По комнате прошел тревожный шорох. Елисеев, как всегда, сохранял свое нервное и тоже как будто всегда тревожное спокойствие.
— Я вам сейчас докажу. Я ответствен — да? За чужое, за других, за всю жизнь, за весь мир я ответствен — да? Так позвольте же вас спросить: перед кем же это я вдруг ответствен? Перед Ивановым и Петровым я не ответствен, потому что Ивановы и Петровы — такие же люди, как и я; они тоже кругом опутаны ответственностью и тоже ничего не знают, не знают, за что и как с меня спрашивать ответ. Перед кем же я еще ответствен? Перед обществом или государством? Но ведь это же безличный коллектив, который к тому же, по этому учению, опять кругом ответствен, не зная, за что, как и перед кем. Или, вы скажете, я ответствен перед природой, перед историей, перед жизнью? Но ведь это же пустые слова! Если я отвечаю за себя и за весь мир, то принять этот ответ можно только тот, кто знает весь этот мир. Если нет знающего, то кто же будет судить о том, правильно ли я поступал? Ясно: или подавайте абсолютный разум, тогда я действительно за все отвечаю; или такого разума нет и не может быть, — тогда я ни перед кем, ни за что не отвечаю, так как мне не дано даже знать, в чем я, собственно говоря, виновен.

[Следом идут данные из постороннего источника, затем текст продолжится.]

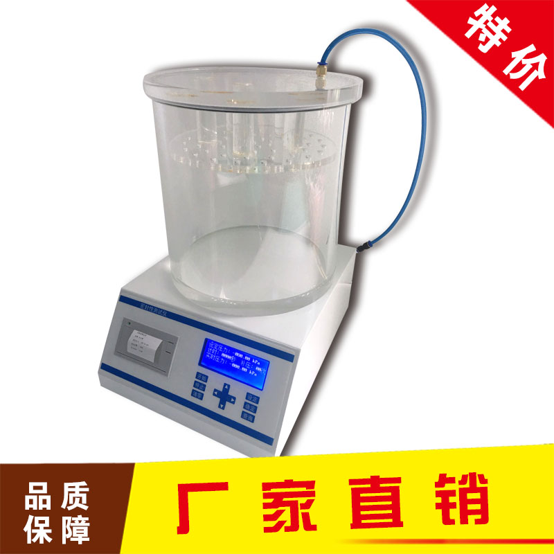 通過對真空室抽真空,使浸在水中的試樣產生內外壓差,觀測試樣內氣體外逸情況,以此判定試樣的密封性能;通過對真空室抽真空,使試樣產生內外壓差,觀測試樣膨脹及釋放真空后試樣形狀恢復情況,以此判定試樣的密封性能。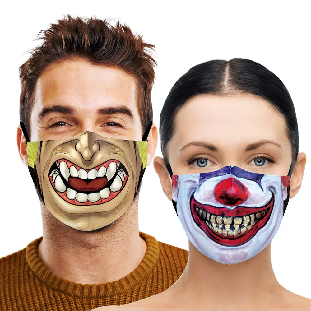 Маски для лица на Хэллоуин с ужасным принтом гримаса для мужчин жен...

— Эх, старая это песня, — сказал Абрамов. — Зачем ворошить этот хлам? Во-первых, никакого абсолютного разума нет. Во-вторых, если он есть, то он же за все и отвечает, — отнюдь не человек. В-третьих, для нашей ответственности достаточно уже и относительного разума, а таковым является любая социально-политическая система. В-четвертых, оба вы поповствуете, Михайлов и Елисеев. И, в-пятых, это не имеет никакого отношения к технике. Я ставлю решительно вопрос: будем мы когда-нибудь говорить о технике или откроем тут первый курс духовной академии?

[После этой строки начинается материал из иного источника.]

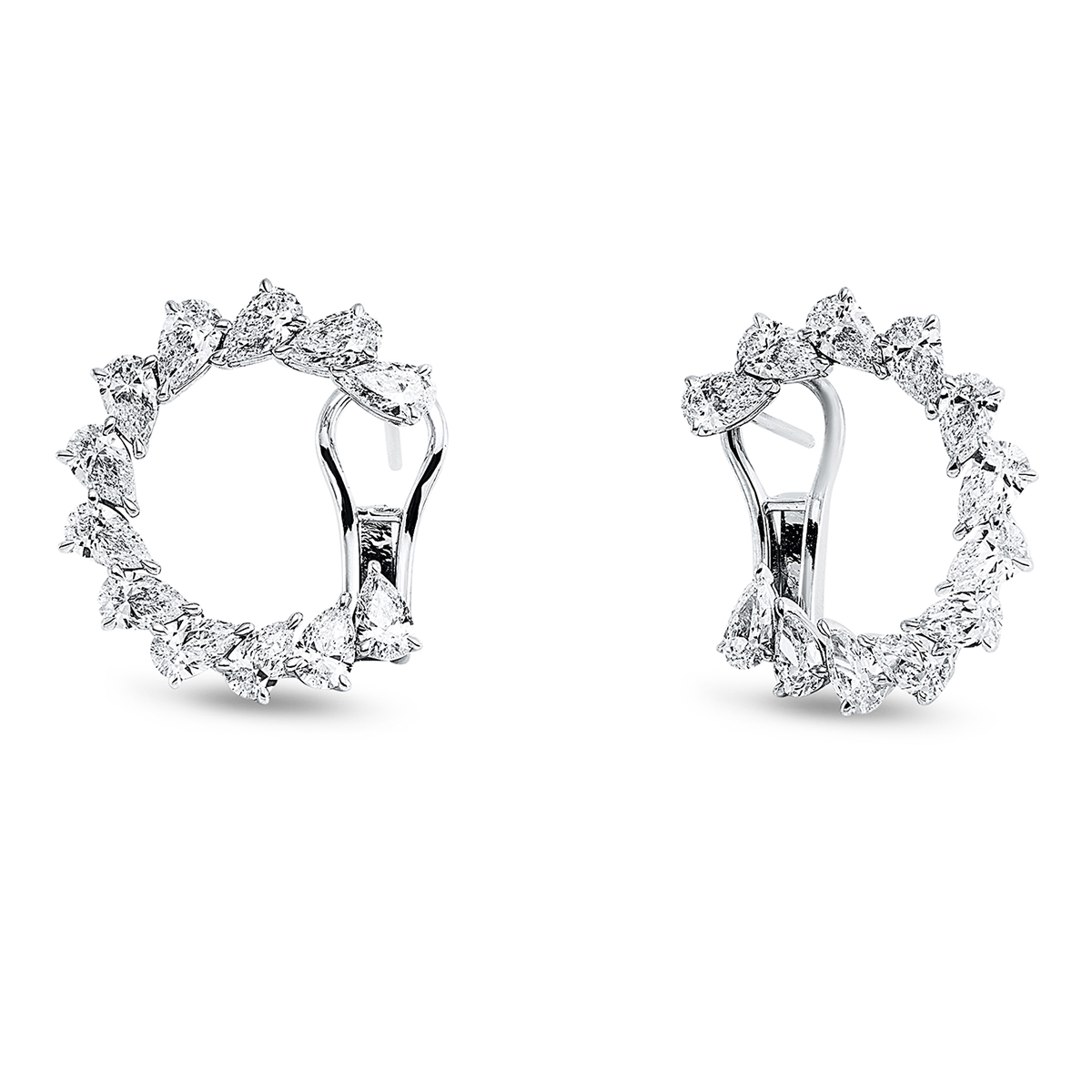 Creolen 18 kt WG, 24 Tropfen 4,64 ct, F-vvs, H:23,0 mm, B:22,7 mm, S:3,2 mm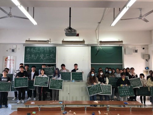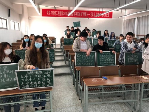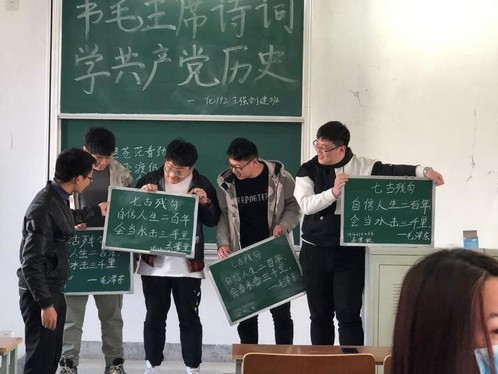 为提高师范生教学基本功、加强课堂教学书写艺术性和板书设计美感,4月28日,化20(1)S王强创建班,化19(2)S王强创建班于生化教学楼314、315教室组织开展了粉笔字板书比赛,书写内容以毛主席不同时期的革命诗词为主。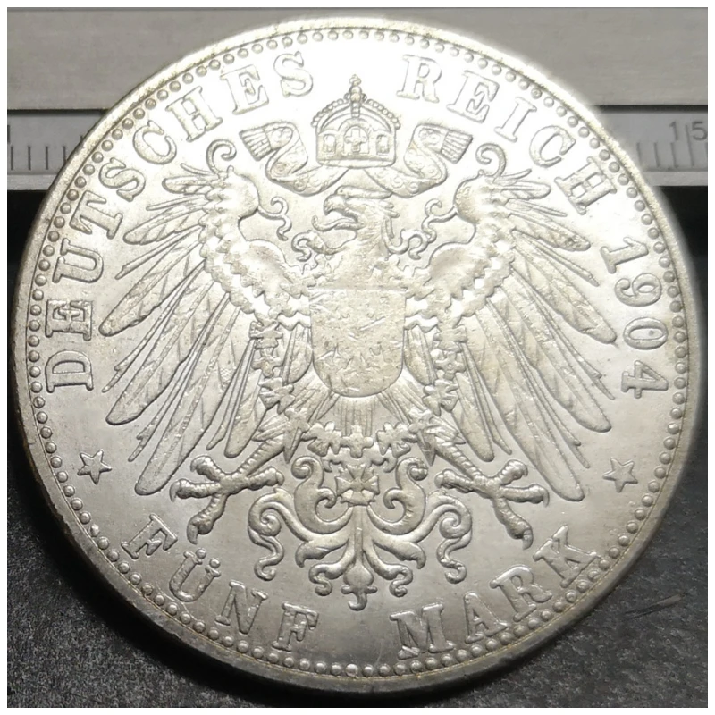 This antique-style replica of the 1904 Lubeck 5 Mark coin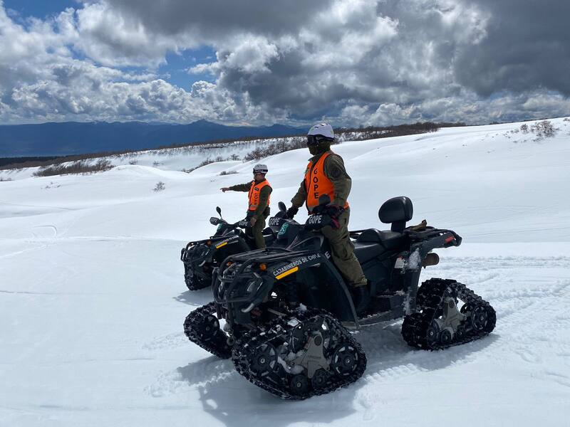 Asimismo, distintos uniformado se desplegaron en el terreno, labores que están siendo apoyadas por cuatrimotos del Grupo de Operaciones Policiales Especiales (GOPE) de Carabineros, quienes están patrullando con motos de nieve el perímetro del macizo. También, conversaron con familias que habiten en las cercanías del volcán para entregarles las recomendaciones correspondientes.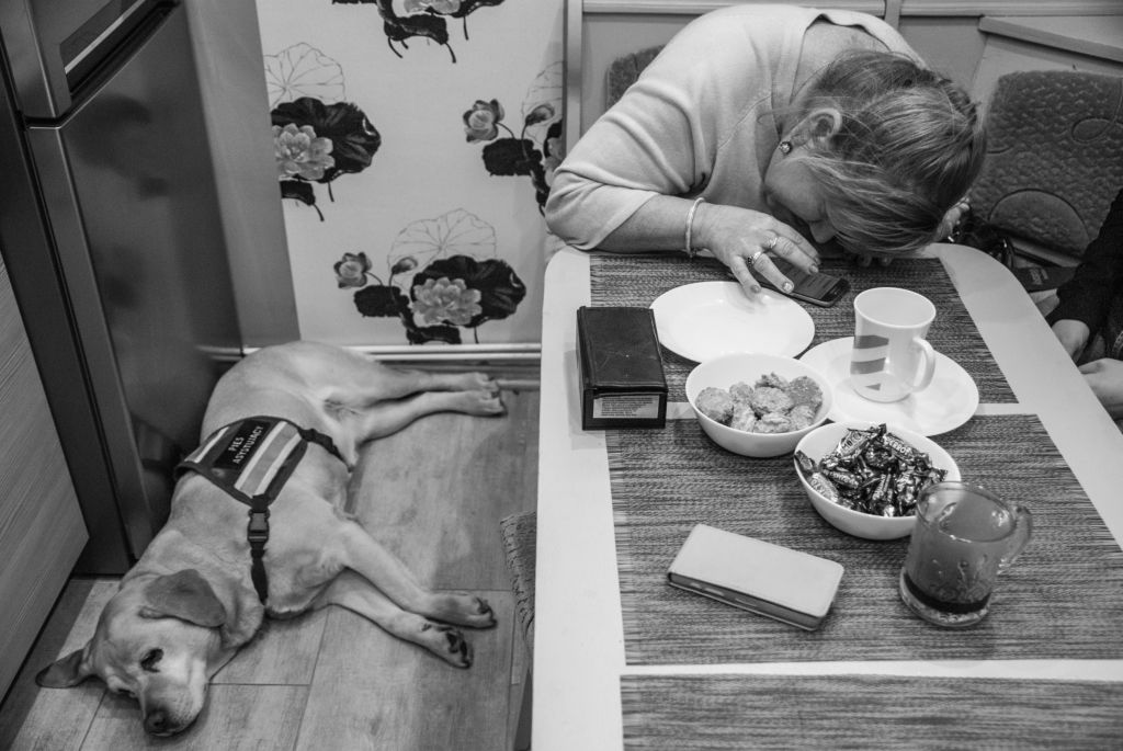 Bohaterką jej reportażu została Teresa Biało. Pani Teresa na skutek dziecięcego porażenia mózgowego jest osobą niepełnosprawną, poruszającą się na wózku. Kilkanaście lat temu zaczęła także tracić wzrok. Zdjęcia ukazują panią Teresę w jej codziennym życiu. W zmaganiach z problemami codzienności pomaga jej pies przewodnik Nefi. On również jest bohaterem reportażu. Sesją zdjęciową, trwającą dwa dni autorka, jak sama mówi, chciała pokazać iż pani Teresa „pomimo braku udogodnień jest osobą promieniująca entuzjazmem i nie zważa na wszelkie nieudolności otaczającego ją świata”.

Последнее замечание было правильно и всем понравилось. Стали говорить о том, что время уходит на пустые разговоры, а о технике не сказано ничего существенного. Пришлось опять вступить мне в разговор.
— Товарищи, — сказал я. — Мы, действительно, здорово уклоняемся. Я должен спросить присутствующих: желательно говорить о технике или же нам перейти на обще-философские рассуждения?
Большинство хотело говорить о технике.
— Ну, так будем продолжать о технике, — сказал я. Вопросов, поднятых Трофимом Ивановичем и Сергеем Петровичем, нам тут все равно не разрешить. Вот тут было сказано, например, — при этих словах я покосился на Абрамова, — что если абсолют, то он за все и отвечает, не человек. А, по-моему, если мир есть проявление абсолюта (а иначе и быть не может, если признается абсолют), то и ответственность абсолюта за все и есть ответственность каждого отдельного момента мира за весь мир. Кроме того…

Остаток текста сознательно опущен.